Собственно, из этого и состояли наши редкие встречи: мы бродили по городу, который каждый раз был иным, и разговаривали. Иногда, когда я уставал (он — никогда), присаживались где-нибудь, где были скамейки. Темы для разговоров всегда находились: слишком уж не похожими друг на друга были миры, в которых мы обитали. Не просто непохожими: несовместимыми. Здешние обитатели никогда не появлялись у нас — во всяком случае, в нынешнем своем качестве.
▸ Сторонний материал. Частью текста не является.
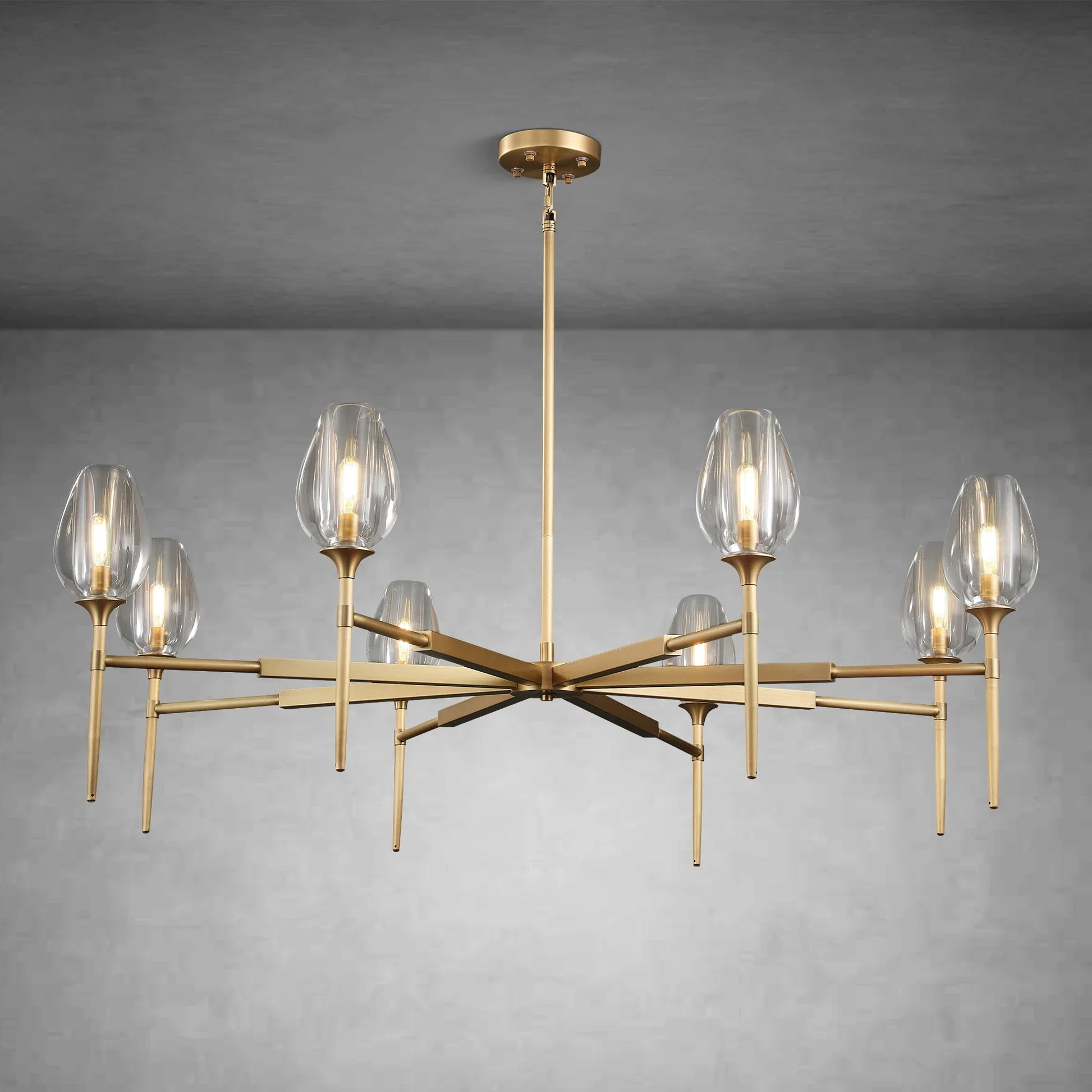 This ceiling-mounted statement chandelier is suited to dining rooms, living rooms, and entry spaces, and is also appropriate for hospitality interiors including restaurants, lounges, and boutique reception areas.

А таких, как я, кому время от времени дозволялся доступ сюда, среди шести миллиардов земных жителей были, по-моему, единицы, от силы — десятки. Во всяком случае, мне ни разу не доводилось встретить здесь кого-то, вроде меня: гостя из нашего мира. Что, в общем-то, и неудивительно. Если знать…
— Как тебе кажется, па — сильно у меня тут изменилось?
Об этом я просто еще не успел подумать. И откровенно сказал:
— Погоди, сын, не так сразу. Я еще и на тебя не нагляделся как следует. Ты ведь давненько уже не приглашал меня. Я уж подумал было, что ты…
— Что больше не хочу тебя видеть?
Именно так я и думал — но теперь мне стало стыдно, и я ответил:
— Нет, что ты, сын: такого я даже не могу представить… Он кивнул:
— Правильно. С отцами такого не бывает. Что же ты подумал?
— Ну, об этом… как это тут у вас называется? Что снова пришел твой черед отправиться в жизнь. И что тут тебя больше нет.
Сын покачал головой. Вздохнул и тут же улыбнулся.
— Наверное, — сказал он, — до этого еще далеко. Нам тут никогда прямо не говорят, но как бы дают понять, что каждый из нас был рассчитан надолго, и призовут любого еще не скоро. Знаешь, узнав об этом, тут у нас почти все очень тяжело переживают.
— Почему? Здесь так плохо?
— Потому что очень мало таких, кого навещают так, как вот ты меня. У меня есть ты, и это совсем другое дело. А у многих-многих других — никого. И они своих отцов никогда даже и не видели. Так что мне намного легче.
Я посмотрел на него, стараясь глазами выразить всю благодарность, какую испытывал к нему за эти слова. Но вслух сказал другое — задал вопрос, на какой раньше не отваживался:
— Ты все время говоришь об отцах. Разве матери никогда…
И не закончил: так изменилось вдруг выражение его лица. И взгляд стал холодным, жестоким. Он поднял руку, как бы запрещая мне говорить. И огляделся.
— Хорошо, что никто не услышал. А то…
— Что же я такого сказал?
— Это слово. Тут оно — самое страшное проклятие. Как и другое — «врачи». Мы как бы считаем, что одни нас убивают, а другие этого хотят, то есть они — главные убийцы. Разве не так? Так. И они сами это знают. Поэтому отцы, пусть и редко, сюда приходят, откликаются на наш зов. А матери — никогда. Во всяком случае, никто из нас не слыхал о таких случаях. Ты сам разве не так думаешь?
Ответить на это было нелегко. Не говоря уже о том, что и отцы по большей части не возражали. А если говорить честно — они-то и решали. Но как объяснишь все это тому, кто совершенно ничего о жизни не знает, кроме самого общего: что она существует и что люди живут ею. А что значит «живут» — об этом сын, как и все они здесь, мог только фантазировать. С фантазией у них, судя по всему окружающему, был полный порядок.